打楽器奏者が掛け声を発するのも特徴的で、出演者はこの掛け声で拍数や間合いをはかっています。
舞踊
能では「所作」といいます。腰に力を入れあごを引いた特殊な姿勢「カマエ」を基本にし、移動は床に足の裏をつけ、かかとをあげない歩き方「ハコビ」で行います。そこに、身体の動きを様式化した「型」が加わって成立します。
組踊同様、ほんのわずかな動きで多様な表現を生み出します。 たとえば、指を揃えた手を額のあたりに持ってくる「シオリ」という型は、涙を押さえる動作を簡素化したもので、泣く場面に用いられます。
演出
組踊同様、写実的な表現からできる限り簡素化されており、身体の向きを変える・面を上げる・数歩出るといったわずかな動きが効果演出となり、多様な表現を生み出します。

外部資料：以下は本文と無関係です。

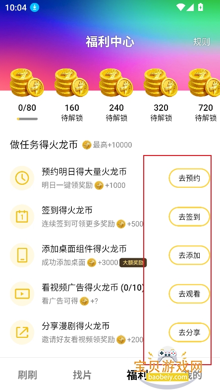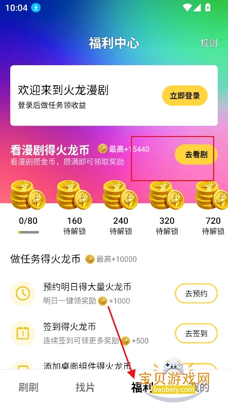 1、进入【福利】界面,可以点击【去看剧】完成看剧任务,领取金币
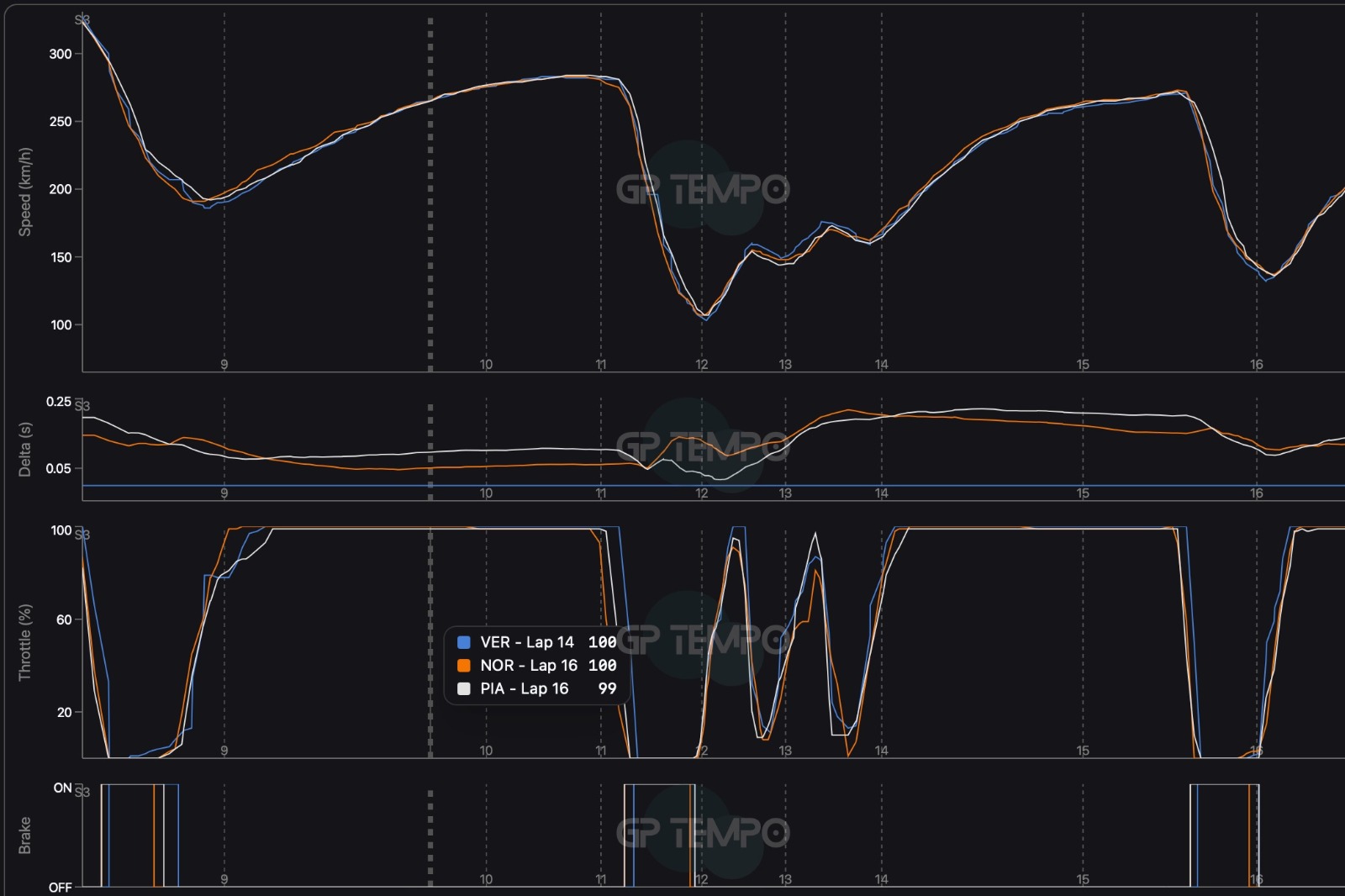 Both McLarens had scrubbed off more speed than Verstappen as they threw their cars into Turn 6, though, and this was where Verstappen built his advantage. Piastri’s sharper throttle profile in the chute recouped some of what he had lost to his team-mate, but not enough to Verstappen, and the gap then opened again on the following straight.

組踊の「名乗り」と似ているのが、能の中に登場する「間狂言(あいきょうげん)」です。多くは能の前半が終わると、狂言方が土地の男として登場し、登場人物を紹介したり、物語の設定や背景などを解説します。
舞台
舞台は、客席に向かって大きく斜め前に張り出した形になった独特の造りで、正方形の本舞台(舞台)、 地謡が座る地謡座、囃子方と後見が座る後座(横板)、演者が出入りする通路で演技空間としても使われる橋掛りの大きく四つの部分からできています。 舞台の背景の鏡板には、老松が大きく描かれています。
演目
現在の上演曲目はおよそ250曲。主人公であるシテの役柄によって、次のように大きく五つに分類されます。
- 神様がシテの初番目物(脇能物)
- 戦で修羅道におちた武将の亡霊がシテの二番目物(修羅物)
- 「源氏物語」などのヒロインや、草木の精などの女性がシテの三番目物(鬘物)
- 狂女や唐人などがシテの四番目物(雑能)
- 主に人間以外の鬼や天狗、妖精などがシテの五番目物(切能)
近代の組踊 廃藩置県で沖縄全土に伝わるが、現在は伝承の危機
明治維新に行われた廃藩置県により琉球王国が終焉を迎えると、国家事業として行われてきた組踊は上演の機会を失いました。これまで組踊を担当していた士族たちは職を失い、生計を立てるために宮廷から芝居小屋へ舞台を移して一般の人々に向けて上演されるようになっていきます。
この時期、組踊は沖縄本島全域から八重山諸島まで様々な地域に伝わり、各地の村祭りなどの中で伝承されました。 そのひとつに、国の重要無形民俗文化財に指定されている多良間島の豊年祭「八月踊り」という年中行事があります。旧暦8月の3日間に村をあげて催され、豊年を祈念します。民俗踊りに加えて組踊などが伝えられ、現在も盛んに演じられています。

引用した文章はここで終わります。